Will Employment Law Protections for Undocumented Immigrants Survive under the New Regime?


With the new administration’s flurry of activities related to the broader enforcement of immigration laws, one issue looms large for employment lawyers---will undocumented immigrants still be protected from unlawful employment practices under various federal laws?  The answer today is far from clear.
Title VII of the Civil Rights Act of 1964, as amended (Title VII), protects “individuals” from unlawful employment practices, and does not distinguish between documented and undocumented workers.  In its Compliance Manual, Section 2, “Threshold Issues,” the EEOC opines that, “Individuals who are employed in the United States are protected by the EEO statutes regardless of their citizenship or immigration status.”
 
At least one court within the Fifth Circuit has expressed that “illegal aliens” would be entitled to protections under Title VII.  See EEOC v. Taqueria Rodeo de Jalisco, No. 4:11-cv-03444, 2012 U.S. Dist. Lexis 179552, *7 n.1 (S.D. Tex. Dec. 19, 2012).  The Texas court’s position is clearly at odds with the Fourth Circuit’s decision in Egbuna v. Time-Life Libraries, Inc., 153 F.3d 184, 187-88 (4th Cir. 1998), wherein that Court found that the employer did not violate Title VII when it refused to hire the plaintiff, an undocumented alien, because to hold otherwise would be to “nullify IRCA [the Immigration Reform and Control Act], which declares it illegal to hire or to continue to hire unauthorized aliens.” 
The Fair Labor Standards Act of 1938, as amended (FLSA), protects “employees,” and in March 2014, the United States Supreme Court declined to review a decision by the Eight Circuit affirming a jury verdict for several undocumented workers for nearly $300,000 for FLSA violations.  See Jerusalem CafĂ©, LLC v. Lucas, 721 F.3d 927 (8th Cir. 2013), cert. denied March 10, 2014.  In its decision, the Eighth Circuit minced no words when it determined that, “The FLSA’s sweeping definitions of ‘employer’ and ‘employee’ unambiguously encompass unauthorized aliens.”
 
Fifteen years ago, the United States Supreme Court decided Hoffman Plastics Compounds, Inc. v. National Labor Relations Board, 535 U.S. 137 (2002), and held that, in connection with a finding that an employer committed an unfair labor practice under the National Labor Relations Act (NLRA), the Board could not award back pay to an undocumented worker because such an award would represent wages the individual could not legally have earned.  According to the Court’s majority, “awarding backpay in a case like this not only trivializes the immigration laws [specifically, IRCA], it also condones and encourages future violations…it would encourage the successful evasion of apprehension by immigration authorities, condone prior violations of the immigration laws, and encourage future violations.”  The Board did, however, impose other sanctions on the employer. 

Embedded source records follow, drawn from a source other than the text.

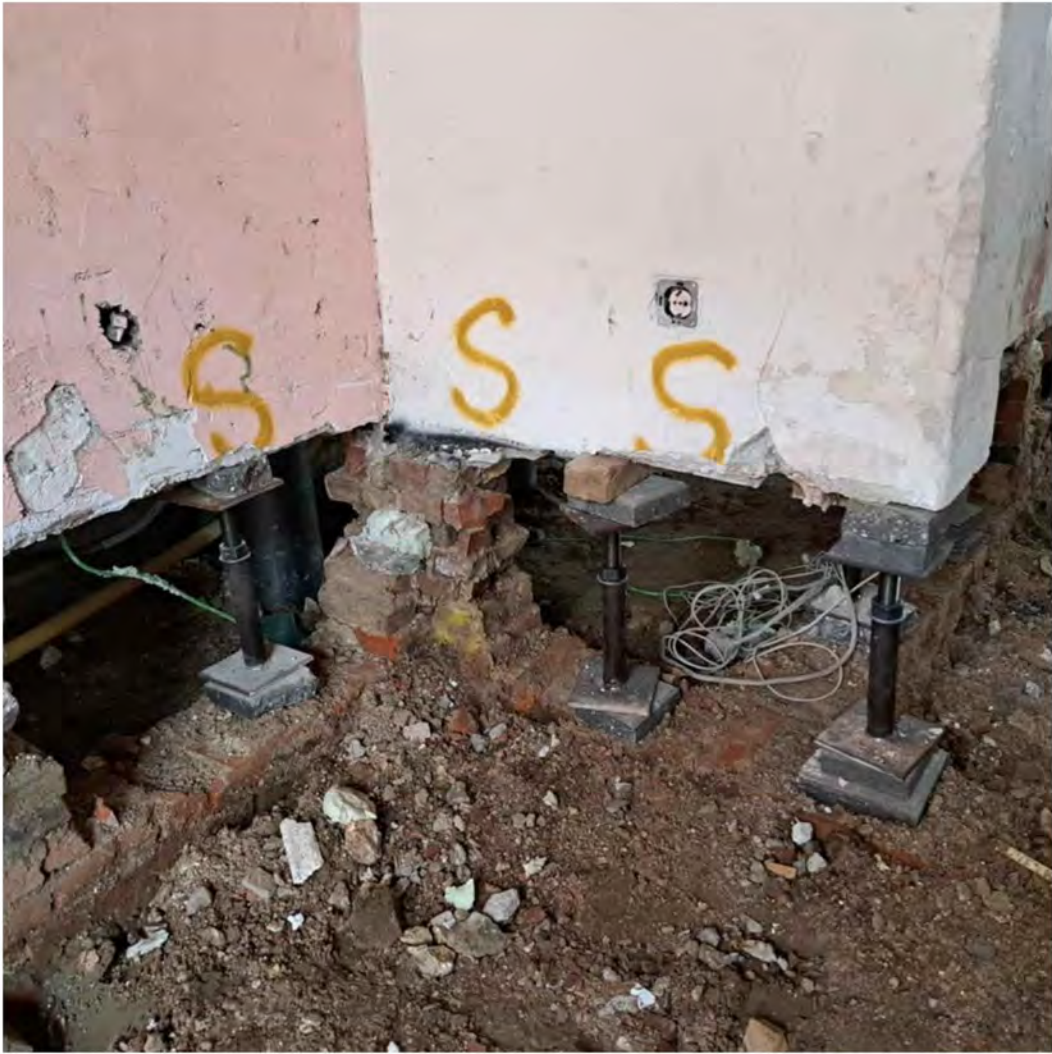
FUND (5) - 10-12-2025 14:42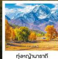
ทุ่งหญ้านาราที

ทัวร์คุณธรรม ไม่ลงร้านช้อปปิ้ง ไม่ขายออฟชั่น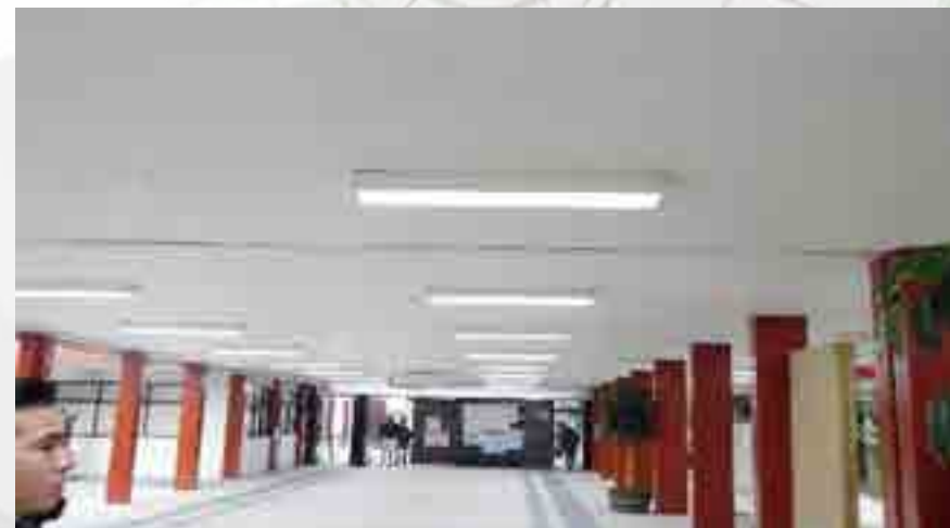
Mantenimiento de luminarias.

Se realizó el mantenimiento preventivo y correctivo a todas las luminarias de la Unidad Académica, cambio de tubos fluorescentes, piezas en mal estado, limpieza de gabinetes y acrílicos.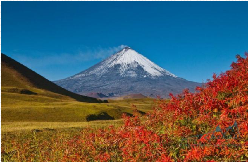
Вулкан на Камчатке

Вулканы, извергающиеся регулярно, называются действующими. Если действия вулкана прекратились, его называют потухшим. В нашей стране много действующих вулканов на Камчатке и Курильских островах.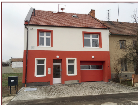
Původní obecní úřad v Lutotíně dříve a nyní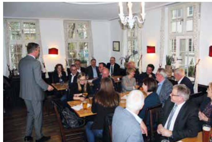
> Die Gästeschar in gemütlicher Runde

alles Dinge, die aus Sicht des BBW dringend geklärt werden müssen. Denn beim BBW ist man überzeugt, dass nach der Einführung des Bürgergelds das Abstandsgebot zur Grundversicherung nicht mehr eingehalten wird. Welche Signalwirkung wird das Tarifergebnis TVöD auf die im Herbst anstehende Einkommensrunde TV-L haben? Hier bezog Rosenber-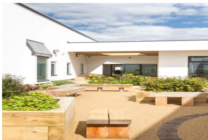
Рисунок 4 - Вид відкритого внутрішнього дворику психіатричної лікарні Шеппард-Пратта для прогулянок пацієнтів на свіжому повітрі (США, штат Меріленд, м. Таусон).

Варто також при проектуванні спеціалізованих відділень перейняти закордонний досвід вибору кольорової гами для опорядження палат з урахуванням віку пацієнтів. Світові дизайнери з цією метою використовують за основу праці Рудольфа Штейнера про значення кольорів у терапії хворих. Найбільш сприятливими для лікування пацієнтів з психічними розладами він вважав блакитний і рожевий. Зокрема, доведено, що правильна колористика палати і відділення загалом зменшує прояви прихованої ворожнечі та депресії. Рожевий колір, наприклад, заспокоює і розслаблює; кольори на підлозі допомагають хворим орієнтуватись у різних за призначенням групах приміщень. Досить часто практикується прикрашання стін закладу художніми роботами самих пацієнтів (арт-терапія), при цьому хворий не тільки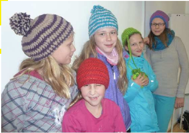
Mützen-Häkelforkshop im Häkel- und Strickcafé

Several recent developments may further impact these decisions and increase the level of uncertainty for employers.  First, in late February 2017, the Fifth Circuit reinstated H.B. 11, a Texas law which makes it a felony to encourage unauthorized immigrants to enter or remain in the country by concealing, harboring, or shielding them from detection.  See Cruz v. Abbott et al., No. 16-50519 (5th Cir. Feb. 23, 2017).  While the Court held that there is “no reasonable interpretation by which merely renting housing or providing social services to an illegal alien constitutes harboring that person from detection,” it is unclear whether and how this law applies to employers who knowingly employ and house unauthorized immigrants. 
 
Second, in January 2017, the White House issued two Executive Orders related to border security, which in turn resulted in two Memos from John Kelly, the Secretary for the U.S. Department of Homeland Security.  The Memos, in part, implement “new policies designed to stem illegal immigration and facilitate the detection, apprehension, detention, and removal of aliens who have no lawful basis to enter or remain in the United States.” 
These developments appear to contradict at least two of the Equal Employment Opportunity’s (EEOC’s) priorities in its Strategic Enforcement Plan for Fiscal Years 2017-2021 (SEP), including: (a) “protecting vulnerable workers, including immigrant workers, and underserved communities from discrimination”; and (b) “preserving access to the legal system.”  Notably, EEOC Acting Chair Victoria Lipnic recently commented that the SEP enforcement priorities would remain largely the same. 
In short, how can undocumented immigrants pursue their rights under the legal system in light of the administration’s determination to find and deport them?  And, what obligations do employers have in relation to the treatment of undocumented workers?  As with many employment issues, this one will more than likely be resolved by the courts.